Posted Apr 09 2009 7:16pm
Seeing as how my projects had reached a (very temporary, apparently) lull, I decided to use this morning to take care of some necessary banking. After much discussing, Husband and I decided to throw all caution to the wind and just merge all our finances together – none of this keeping our own separate side accounts. I know there are proponents for each side (combining all finances vs. having one joint account and maintaining separate side accounts vs. maintaining only individual accounts) but what the hell, we just figured if we can’t live under the same roof starting in June, at least our money can all cohabitate under the same bank account number.
Since I was expecting my experiments to be on the lighter side (a rarity), and I confirmed that my direct deposit for July kicked over into my new account, I figured it was the perfect morning to swing by the bank when it opened at 9 and close out my old checking account. No problem.
I took my time getting ready this morning and was enjoying a relaxed pace when an email pops up from my PI. No body to the email aside from his normal signature, and a subject line merely stating “PLEASE COME TO MY OFFICE WHEN YOU GET IN.”
Uh-oh. Panic. What does this mean?! No further explanation. Regardless, this does not sound like a good situation. First, we have the all capital letters. Second, absolutely no indication of what we need to discuss. Third, an email asking me to come in (often, my PI just leaves post-it notes on my desk asking me to drop by if I’m in the hood or elsewhere in the building). I keep going back and forth – do I go to the bank because this is the ONLY day I can likely go and close my account (and because my account is now at under $5,000, I will get fined $100 if I don’t close it out by the end of the week) as planned, or do I rush into the lab to face whatever evil punishment is waiting behind my PI’s door? I panic. Seriously, I felt like a kid being called down to the principal’s office (well, in theory… I wouldn’t know in actuality, I was a goody-two-shoes).
Suddenly, Husband’s voice pops into my head (seriously, how does it get in there, and how do I get rid of it?) yelling at me that I let my PI control my life too much and if I’m averaging 12+ hours/day and I need to go to the bank one day at 9am, I am allowed to go into the lab late. Finally, I suck it up, and make the decision to go to the bank, and email my PI and let him know that I will be in a bit late, as I have to stop at the bank at 9 to take care of some business.
He promptly e-mails me back and says “Great. Please bring your laptop so we can discuss [small molecule] results.”
@#$*@#%*!@!!! 15 minutes of my panicking over what sort of trouble I’m in (have I not been working hard enough? am I not spending enough time helping the summer students? am I not distributing my time properly on projects? did I forget to lock the lab last night and our $300,000 BIAcore was stolen? am I going to be beaten with a birch switch??) I’m in, all because he couldn’t take the 6 seconds to extend the email to include “so we can discuss your small molecule results.”

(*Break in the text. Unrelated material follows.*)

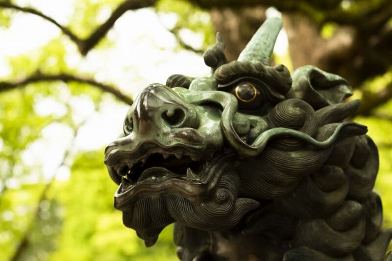 At Dazaifu Tenmangu Shrine, there is a bronze statue of a Qilin, the chief of all beasts that appear in the world of peace.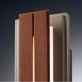 ●材質・仕上:アクリルカバー(乳白)・アルミダイカスト(プラチナメタリック)・ブラウン木調飾り

Thanks a lot, PI, for ruining my one morning of relaxation. Apparently, a girl can’t get a break around here.

Also, provided I have time to get around to it this week, because the meeting involved significantly more than just discussing data, and ended with roughly 3 months worth of work which I have to complete in 2 weeks, of course, a preview of posts to come….

1) Julie is a Smart-Ass… or, the post in which you get to see Julie’s home-made wedding “video”
2) 99% of Humans are Morons…. or, Julie’s uterus is closed for business

Stay tuned!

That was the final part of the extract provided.